From July 26-29, PYTA directors from across North America will gather at the Boston Center for the Arts for the third annual Mutki Queer Youth Theater Directors’ Retreat. The Theater Offensive staff will lead workshops as well as introduce the first PYTA Programs Coordinator, based at The Theater Offensive. On Thursday evening, True Colors youth will welcome the group to Boston with a performance based on original work by True Colors over the years.
Last fall, The Theater Offensive hosted the first ever Mukti Queer Youth Theater Summit, connecting True Colors youth with youth from theater troupes in Omaha and Pittsburgh to share theatrical techniques, expand their views of queer youth issues, and promote activism and social change through the arts.
The Theater Offensive’s history and current programming are rooted in collaboration. The Theater Offensive organizes locally by creating partnerships with community–based organizations, such as BAGLY, HBGC and Boston GLASS, to effectively execute programs that have an impact on audiences, particularly those in Dorchester, Roxbury, Jamaica Plain, and the South End neighborhoods.

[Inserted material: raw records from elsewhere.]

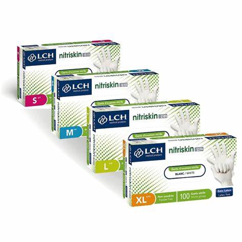 Gants d’examen Nitriskin Free en nitrile non poudrés blancLe Nitriskin possède les mêmes avantages, voire supérieurs, que le gant latex. Il possède un atout supplémentaire : il est sans latex ! Nitriskin est donc un gant idéal pour les personnes sensibles aux allergies provoquées par le latex et la poudre dans leur environnement quotidien. De plus, ce gant est une barrière de protection très efficace contre la perforation et une variété de produits chimiques. A noter que les gants d’examen sans poudre présentent une très bonne tolérance au contact des solutions hydro-alcooliques. Gant d’examen ambidextre en nitrile, non poudré, très souple, de surface rugueuse et très résistant. Avantages :- Excellente barrière de protection.- Gantage aisé.- Douceur et son confort tactile supérieur.- Résistance supérieure à l’abrasion et à la perforation.- Moins de sudation qu’avec le caoutchouc (latex).- Élasticité.- Insensible et peu réactif aux produits chimiques.- Robuste.- Absence d’allergies liées à la présence de latex ou poudre. Caractéristiques techniques :- Composition : nitrile – sans latex.- Caractéristique : jetable.- Couleur : blanc mat.- Conformité : Directive européenne 93/42/CEE- Classe I – Conformes à la réglementation pour le contact avec les denrées alimentaires (Commission Directive 90/128EEC ). Ne pas utiliser avec des conserves en milieux huileux, des graisses et huiles. – EN 420- EN 455-1/EN 455-2/EN 455-3 /EN 455-4 – EN 374-1/EN 374-2/EN 374-3 – ISO 10993-10 (non irritant et sensibilisant) – ISO 10993-11 – Conditions de conservation et stockage : 3 ans au sec à l’abri de la lumière, de la chaleur et de l’humidité- Taille de la manchette : 240 mm Guide des tailles : TailleDimensionsS (6/7)240 x 80 mmM (7/8)240 x 95 mmL (8/9)240 x 110 mmXL (9/10)240 x 115 mm Applications :- Personnes allergiques au latex et à la poudre.- Actes de soins courants, services d’urgences, infirmiers, médecins, dentistes…- Utilisation en laboratoires.- Industrie agroalimentaire et industries comme l’imprimerie, l’électronique…
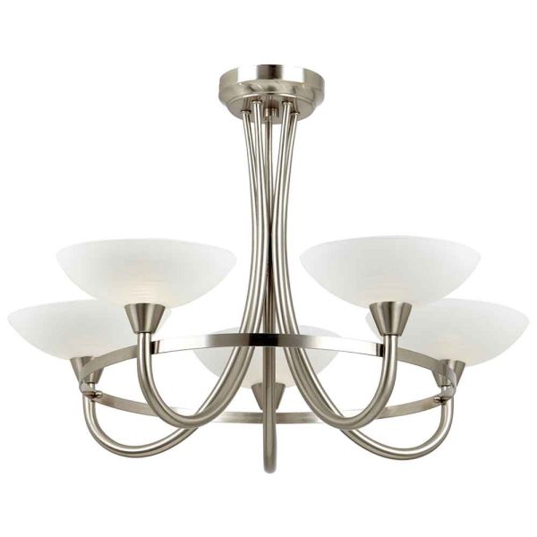 Auburn Glass 5 Ceiling Light With Steel Frame In Satin Chrome
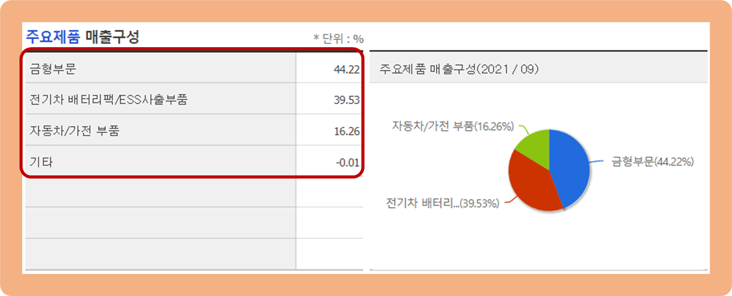 그 다음으로 전기차 배터리팩부문이 약 39.53%, 자동처 및 가전 부품이 약 16.26% 수준이네요.
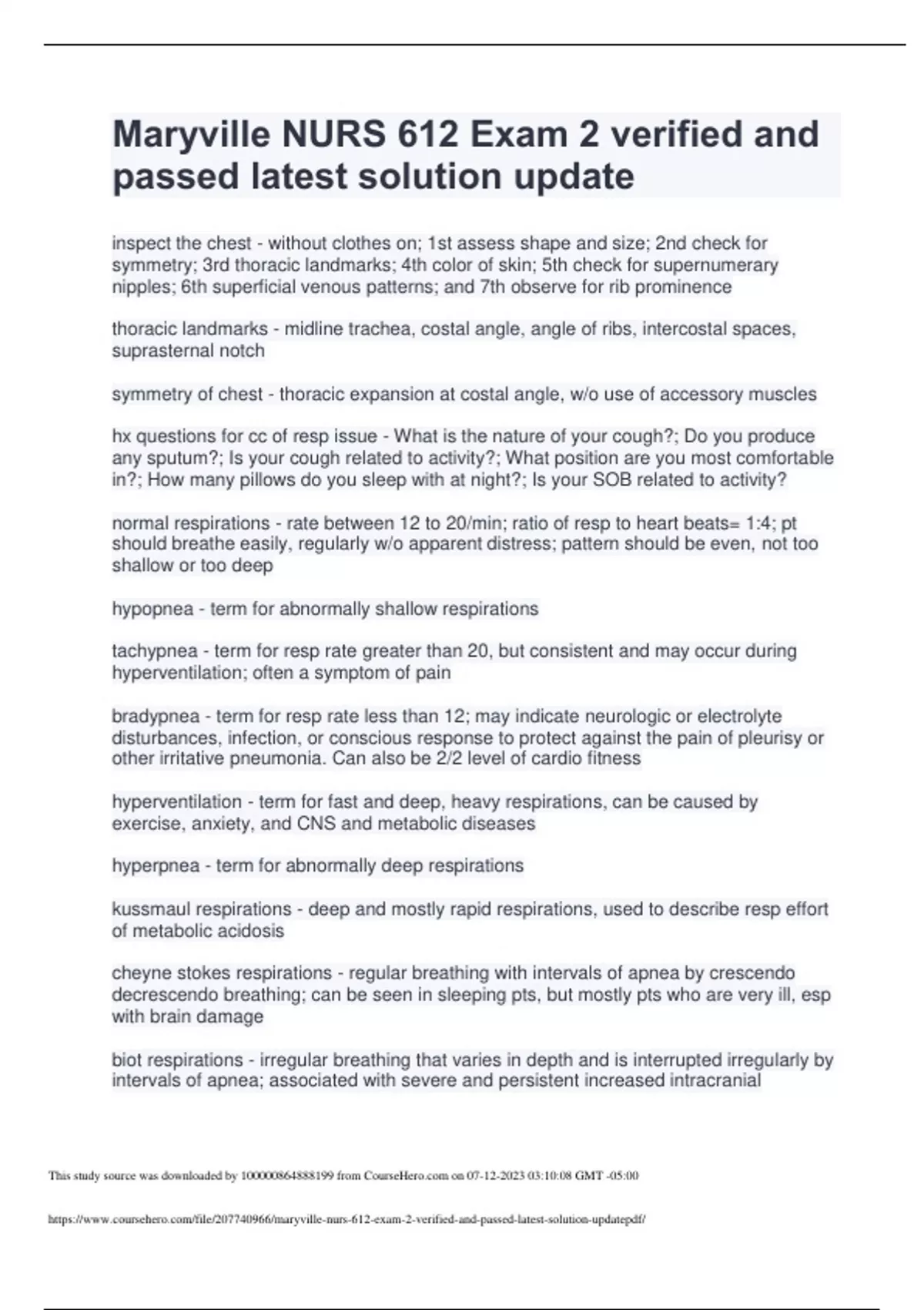 inspect the chest - without clothes on; 1st assess shape and size; 2nd check for symmetry; 3rd thoracic landmarks; 4th color of skin; 5th check for supernumerary nipples; 6th superficial venous patterns; and 7th observe for rib prominence thoracic landmarks - midline trachea, costal angle, angle of ribs, intercostal spaces, suprasternal notch symmetry of chest - thoracic expansion at costal angle, w/o use of accessory muscles hx questions for cc of resp issue - What is the nature of your cough?; Do you produce any sputum?; Is your cough related to activity?; What position are you most comfortable in?; How many pillows do you sleep with at night?; Is your SOB related to activity? normal respirations - rate between 12 to 20/min; ratio of resp to heart beats= 1:4; pt should breathe easily, regularly w/o apparent distress; pattern should be even, not too shallow or too deep hypopnea - term for abnormally shallow respirations tachypnea - term for resp rate greater than 20, but consistent and may occur during hyperventilation; often a symptom of pain bradypnea - term for resp rate less than 12; may indicate neurologic or electrolyte disturbances, infection, or conscious response to protect against the pain of pleurisy or other irritative pneumonia. Can also be 2/2 level of cardio fitness hyperventilation - term for fast and deep, heavy respirations, can be caused by exercise, anxiety, and CNS and metabolic diseases hyperpnea - term for abnormally deep respirations kussmaul respirations - deep and mostly rapid respirations, used to describe resp effort of metabolic acidosis cheyne stokes respirations - regular breathing with intervals of apnea by crescendo decrescendo breathing; can be seen in sleeping pts, but mostly pts who are very ill, esp with brain damage biot respirations - irregular breathing that varies in depth and is interrupted irregularly by intervals of apnea; associated with severe and persistent increased intracranial This study source was downloaded by from CourseH on :10:08 GMT -05:0
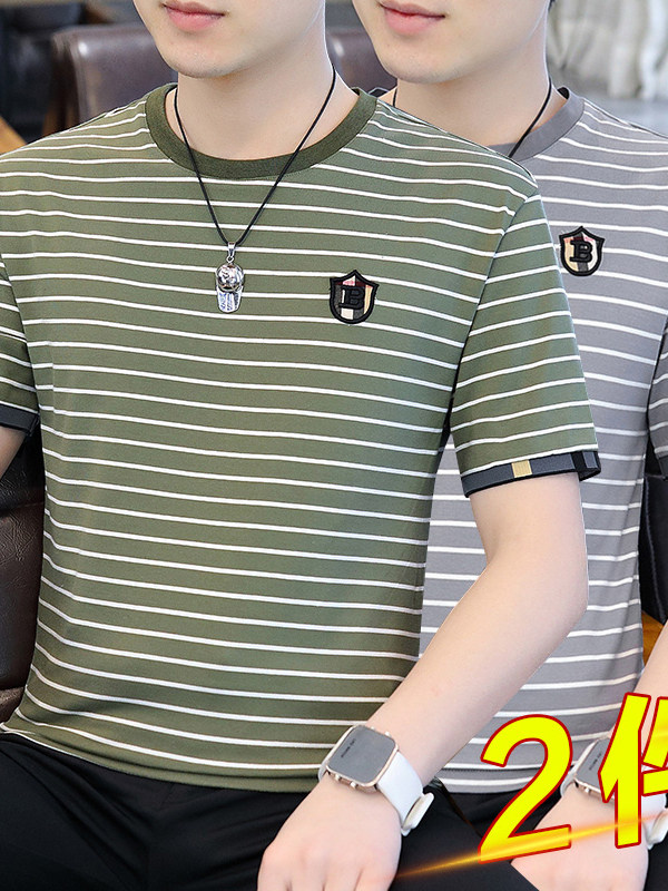 HomeProducts2025新款男士短袖t恤潮流纯棉条纹潮牌百搭修身打底衫半袖上衣夏
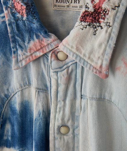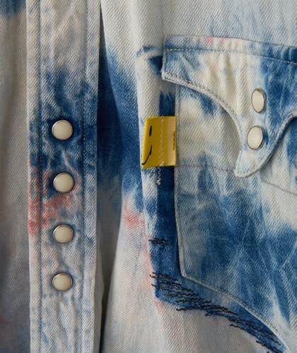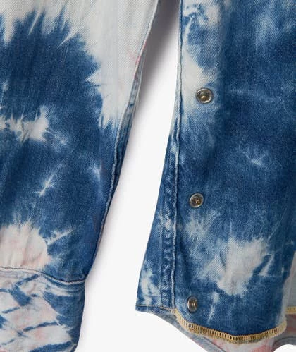 Teñida con un patrón tie-dye bicolor y detallada con múltiples costuras artesanales.
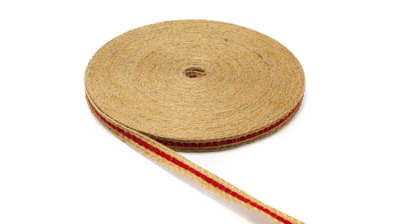 Κορδέλα γιούτα σε φυσική απόχρωση με κόκκινη ρίγα.
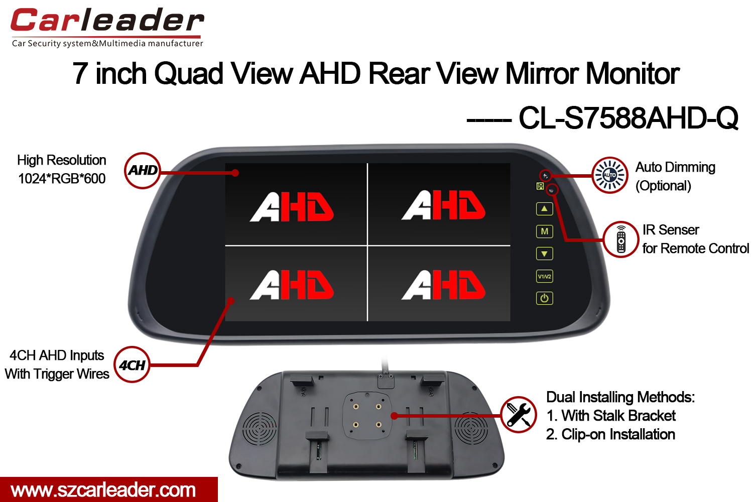 Minge versioonile üleKarleader7-tolline 4CH Quad AHD tahavaatepeegli monitor toetab kahekordset paigaldustvõrratu nähtavuse, töökindluse ja meelerahu tagamiseks teel.
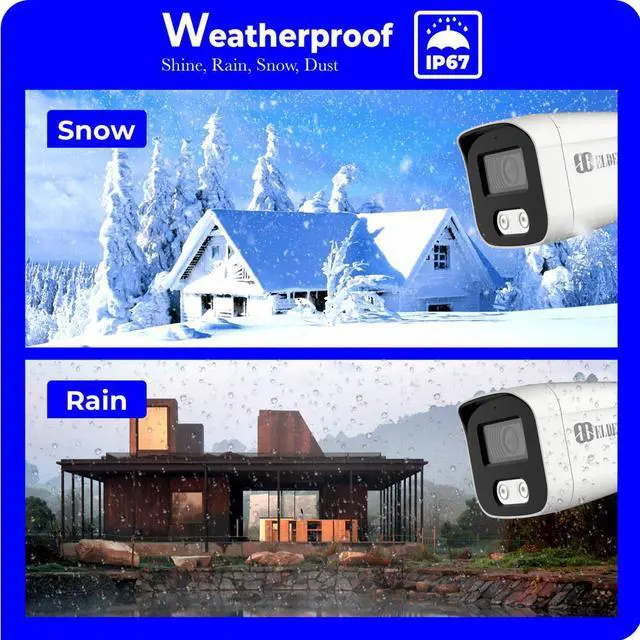 Weatherproof Heavy-Duty Housing IP67 This systems cameras are suitable for anywhere, outdoor or indoor installation. The weatherproof rating and heavy-duty exterior add extra protection against vandalism and harsh weather, providing you truly year-round protection. Elder weatherproof cameras can withstand pretty much anything, such as snowfalls, rain, dust, heat, and wind, all year round.

The issues and challenges faced by LGBTQ youth have come to the forefront of the national psyche in recent years, and many theaters not dedicated to LGBTQ work have attempted to use theater as a means to address them. The PYTA marks the first time that theaters and organizations from around the nation have had an outlet to deeply share knowledge, resources, and experience with each other and contribute it to the field at large. By coordinating these organizations, recording and sharing the impact of their work, the PYTA is poised to influence the national Theater for Young Audiences field.
The Theater Offensive OUT in Your Neighborhood engages local community members in creating art that gives voice to the diversity of LGBT experience where we live, work and play. TTO’s year-round community-based workshops, intensive engagement with at-risk youth to end bullying, and free street theater performances are focused in Roxbury, Dorchester, Jamaica Plain and the South End.
The Mukti Fund was founded in 1983 by Mike Dively and Marty Dupuis. For its first two decades, the Mukti Fund concenrated its grant-making in the Eastern Caribbean country of St. Kitts and Nevis, where it supported programs to strengthen sustainable development in this newly independent country, with a focus on grants for the preservation and conservation of the country’s environment and its historic and cultural heritage. From 2005 to 2008, the fund supported gay and lesbian youth empowerment. In 2009, the Queer Youth Theater program was started.